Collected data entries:
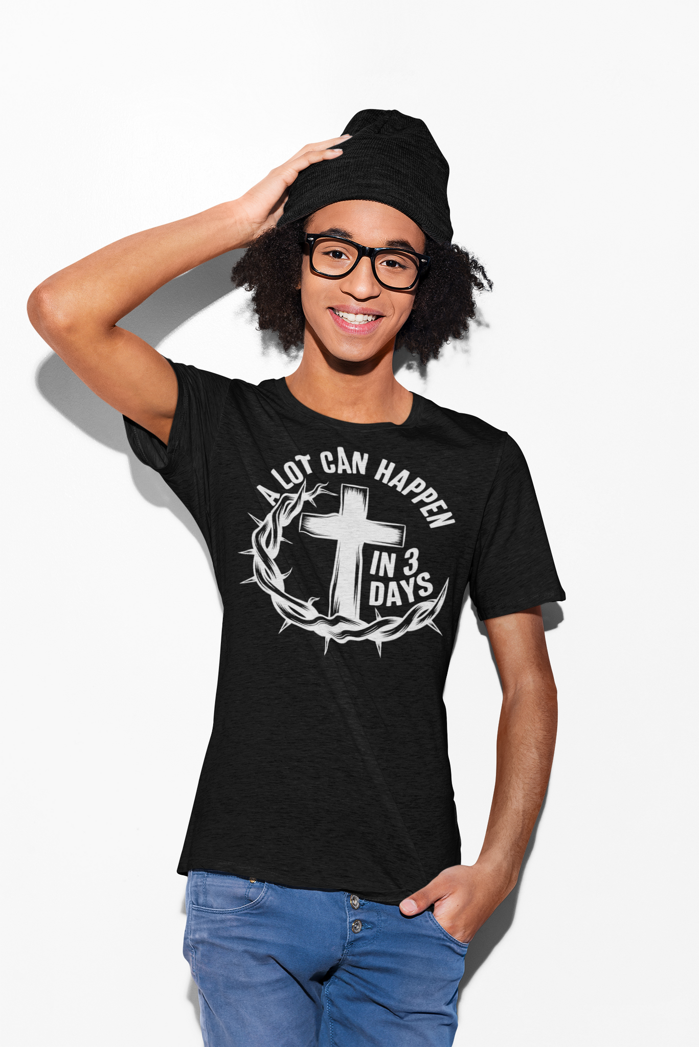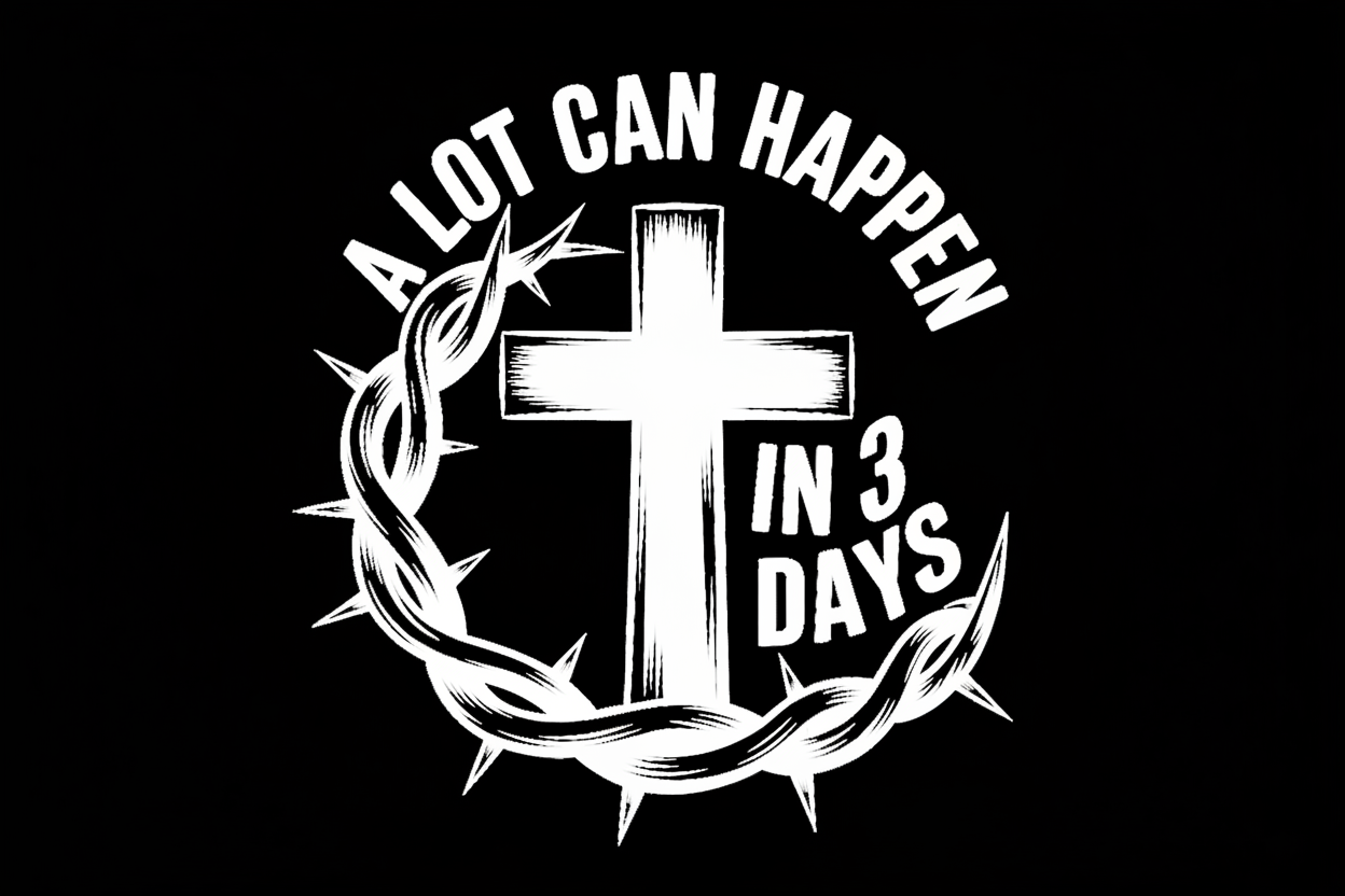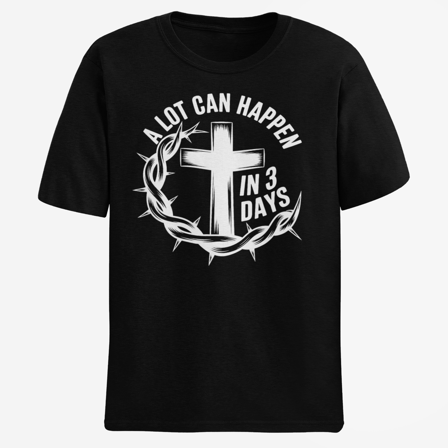 In 3 Days, everything changed — the In 3 Days Tee features our signature white logo graphic on a premium black tee. Bold, clean, and faith-forward. Available in black only.
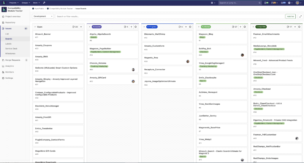 To enhance visibility and coordination, a Compatibility Module Tracker has been established. The left column displays modules that are currently incompatible with Hyvä, representing user requests. Hyvä license holders can express support for specific module requests by giving a Thumbs-Up to the corresponding ticket. Modules with a high number of votes may be prioritized for implementation by the Hyvä theme.
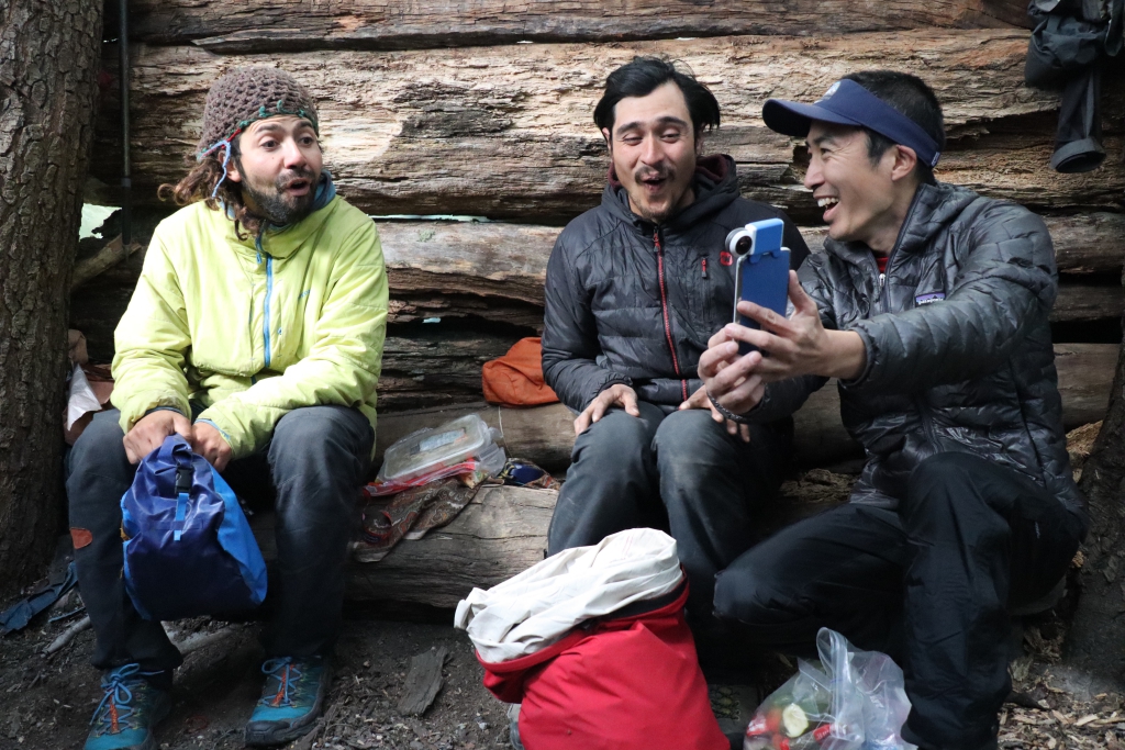 远远看到日本营地的时候,发现怎么有个人趴在棚子上?还有另外一个梳着脏辫的人站在旁边。向导男生走上前去用西班牙文一通聊。我俩则好奇的打量着这个棚子,和满地的烂装备:坏掉的帐篷竿,破帐篷皮,还一个惨不忍睹的拖包。笨笨说:看,它都长蘑菇了。
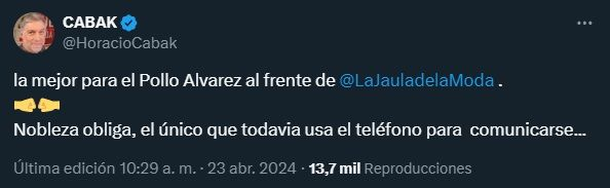 Esto es porque en un acto de buena fe, Horacio Cabak escribió: "Lo mejor para el Pollo Álvarez al frente de La Jaula de la Moda. Nobleza obliga, el único que todavía usa el teléfono para comunicarse". Aunque, por el momento no recibió respuesta de su futuro reemplazante.
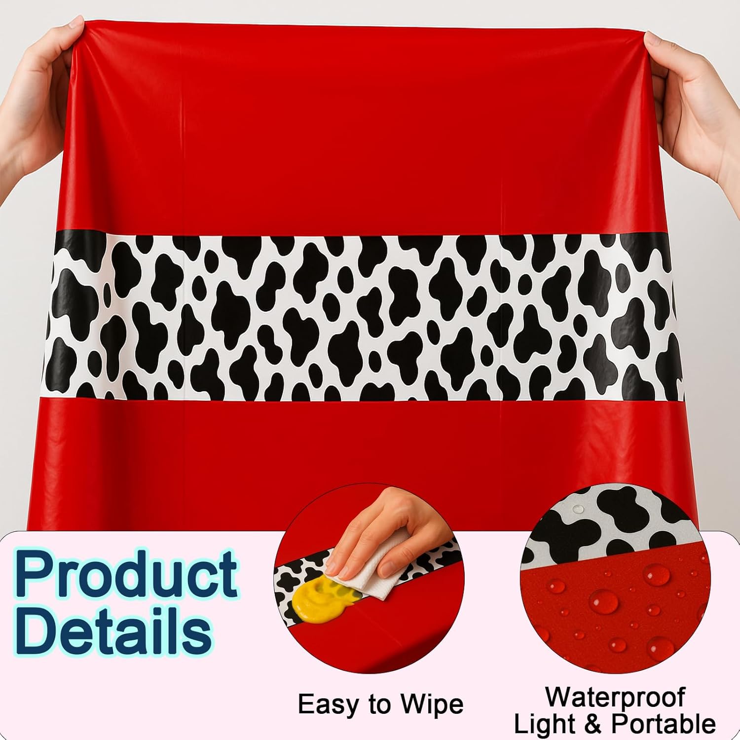 - Cow Print Tablecloth Set: You'll get 6 charming Red cow-print table covers, each measuring 108" x 54" (274 x 137 cm). Perfectly sized for 8-foot tables seating 8-10 guests, this generous set ensures you're always prepared for any festive occasion.
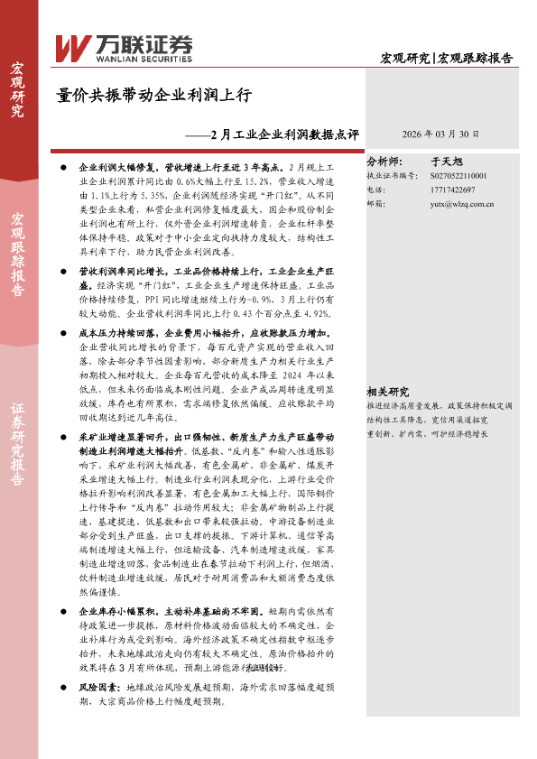 【万联证券】【202603】量价共振带动企业利润上行——2月工业企业利润数据点评-7页
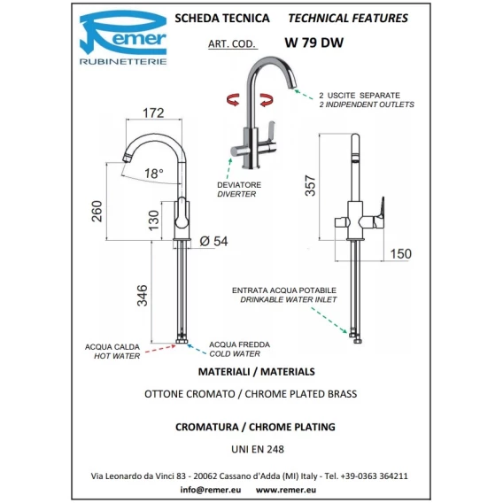 Смеситель для кухни с подключением к фильтру Remer Winner W79DW
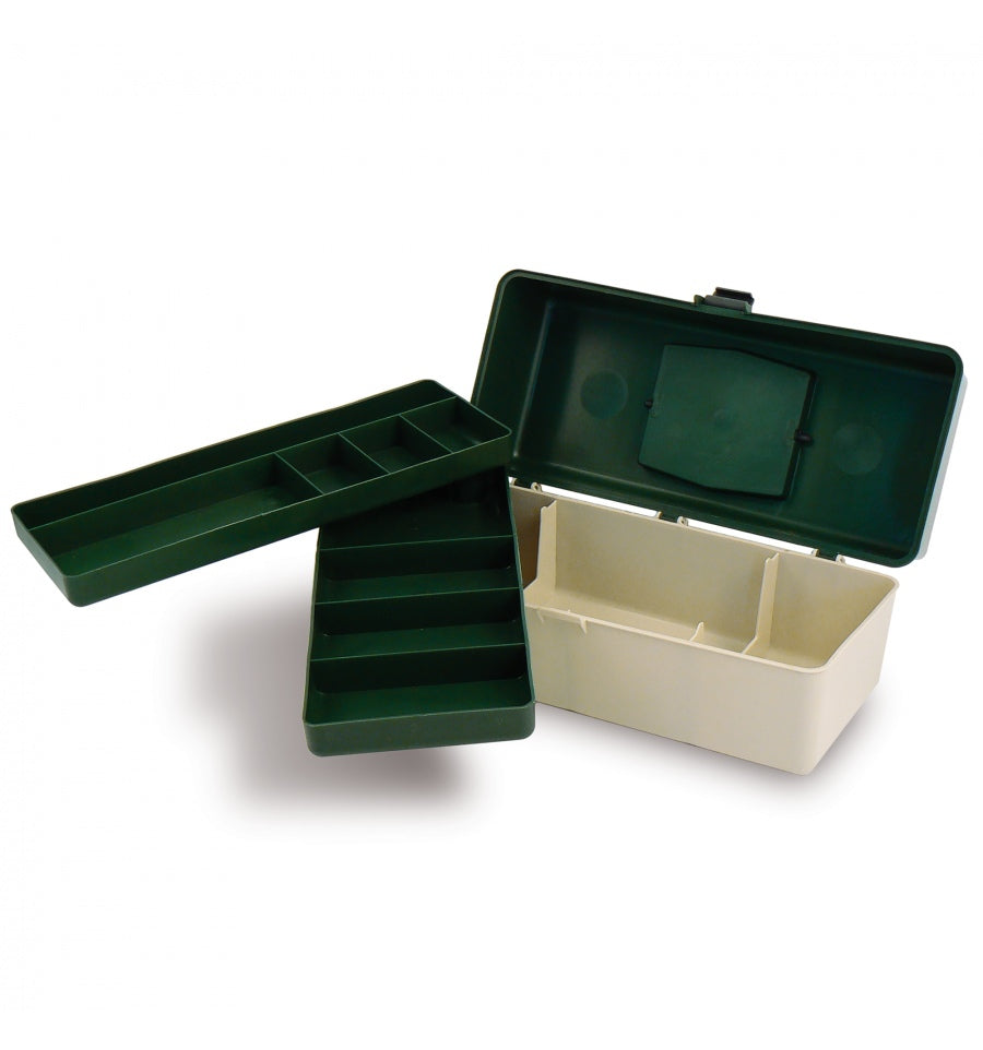 This fishing box is the perfect companion for your fishing trips. This holder has a clasp lid and 2 moving rotating trays inside. This helps to ensure they will stay in the box and won't go missing.
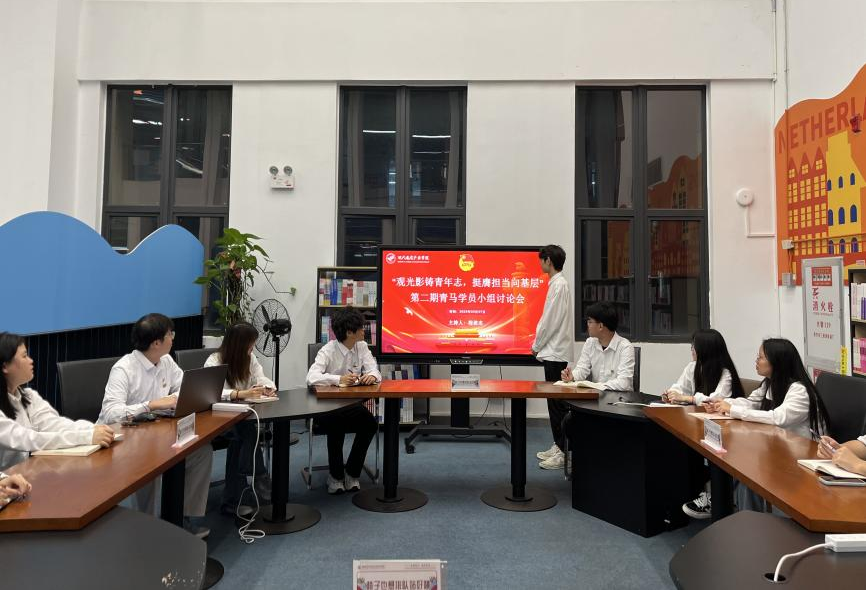 在图书馆内,现代通信产业学院青马班小组组长程俊杰同学组织召开了“观光影铸青年志,挺膺担当向基层”小组讨论会。会上,程俊杰同学向学员们深入解读了习近平总书记2025年五四青年节给新疆谢依特小学戍边支教志愿者的回信精神。回信中,习近平总书记高度赞扬了志愿者们扎根边疆、教书育人的担当精神,强调了支教事业对国家发展的深远价值,传递了“教育兴边”的重要理念。
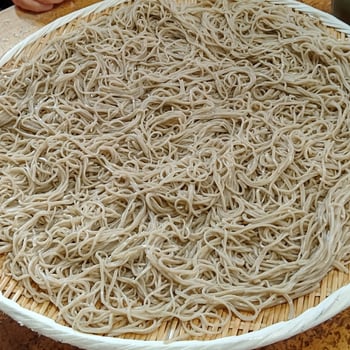 Seaweed "funori" is added as a binder for buckwheat noodles.
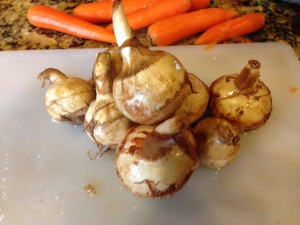After fumbling my way through peeling them I just boiled them simply. Wow, much more flavor then what I grew up eating as the crunchy mystery vegetable in my cashew chicken. When I found this video, I realized I wasn’t missing anything in regards to peeling them, such as blanching or something; you just get after it. I did find that nipping the tops off and boiling with most of the skin on produced a flavor closer to artichoke. That flavor was extremely exciting for me since before that, water chestnut flavor was empty. Added them to salads that were heavy with fresh peas and strawberries.
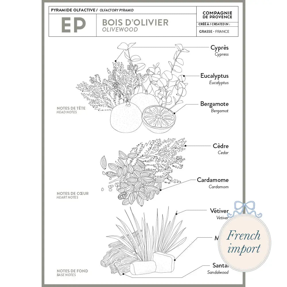 Olive Wood: Water, Potassium Cocoate, Glycerin, Fragrance, Hydroxyethylcellulose, Polyglyceryl-3 Caprylate, Tetrasodium Glutamate Diacetate, Coconut Oil, Potassium Olivate, Sweet Almond Oil, Grape Seed Oil, Tetrasodium EDTA, Limonene, Tocopherol, Linalool, Citral, Eugenol, Alpha-Isomethyl Ionone, Benzyl Salicylate, Disodium Phosphate, Polysorbate 60, Sunflower Seed Oil, Olive Fruit Oil, Sodium Phosphate.
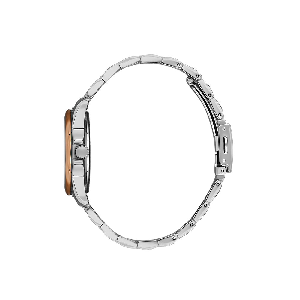 Carcasa rotunda din alama argintie cu diametrul de 34 mm se imbina perfect cu bratara bicolora din otel inoxidabil, in nuante de argintiu si auriu. Sistemul de inchidere tip fluture asigura confort si siguranta la purtare.
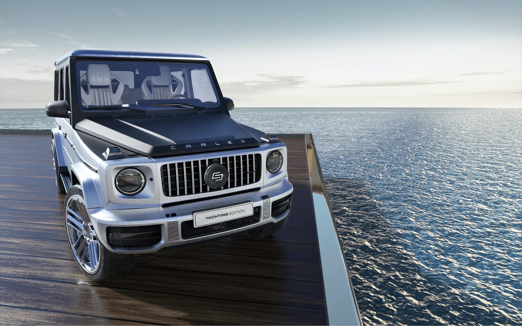 As youโd expect, the Carlex Design G-Yachting Edition features quite a few nautical themed accents, championing luxury and marine style. The exterior โ available in polar white or brushed silver โ is as mean as ever, showcasing bold lines and a mean finish. The spare wheel cover even has a compass engraved into it.

_Requirement:_ What you give back must match the lines from the start of the records through the line that contains "for buckwheat noodles.", exactly, with the pictures left out.

_Written solution:_
 In 3 Days, everything changed — the In 3 Days Tee features our signature white logo graphic on a premium black tee. Bold, clean, and faith-forward. Available in black only.
 To enhance visibility and coordination, a Compatibility Module Tracker has been established. The left column displays modules that are currently incompatible with Hyvä, representing user requests. Hyvä license holders can express support for specific module requests by giving a Thumbs-Up to the corresponding ticket. Modules with a high number of votes may be prioritized for implementation by the Hyvä theme.
 远远看到日本营地的时候,发现怎么有个人趴在棚子上?还有另外一个梳着脏辫的人站在旁边。向导男生走上前去用西班牙文一通聊。我俩则好奇的打量着这个棚子,和满地的烂装备:坏掉的帐篷竿,破帐篷皮,还一个惨不忍睹的拖包。笨笨说:看,它都长蘑菇了。
 Esto es porque en un acto de buena fe, Horacio Cabak escribió: "Lo mejor para el Pollo Álvarez al frente de La Jaula de la Moda. Nobleza obliga, el único que todavía usa el teléfono para comunicarse". Aunque, por el momento no recibió respuesta de su futuro reemplazante.
 - Cow Print Tablecloth Set: You'll get 6 charming Red cow-print table covers, each measuring 108" x 54" (274 x 137 cm). Perfectly sized for 8-foot tables seating 8-10 guests, this generous set ensures you're always prepared for any festive occasion.
 【万联证券】【202603】量价共振带动企业利润上行——2月工业企业利润数据点评-7页
 Смеситель для кухни с подключением к фильтру Remer Winner W79DW
 This fishing box is the perfect companion for your fishing trips. This holder has a clasp lid and 2 moving rotating trays inside. This helps to ensure they will stay in the box and won't go missing.
 在图书馆内,现代通信产业学院青马班小组组长程俊杰同学组织召开了“观光影铸青年志,挺膺担当向基层”小组讨论会。会上,程俊杰同学向学员们深入解读了习近平总书记2025年五四青年节给新疆谢依特小学戍边支教志愿者的回信精神。回信中,习近平总书记高度赞扬了志愿者们扎根边疆、教书育人的担当精神,强调了支教事业对国家发展的深远价值,传递了“教育兴边”的重要理念。
 Seaweed "funori" is added as a binder for buckwheat noodles.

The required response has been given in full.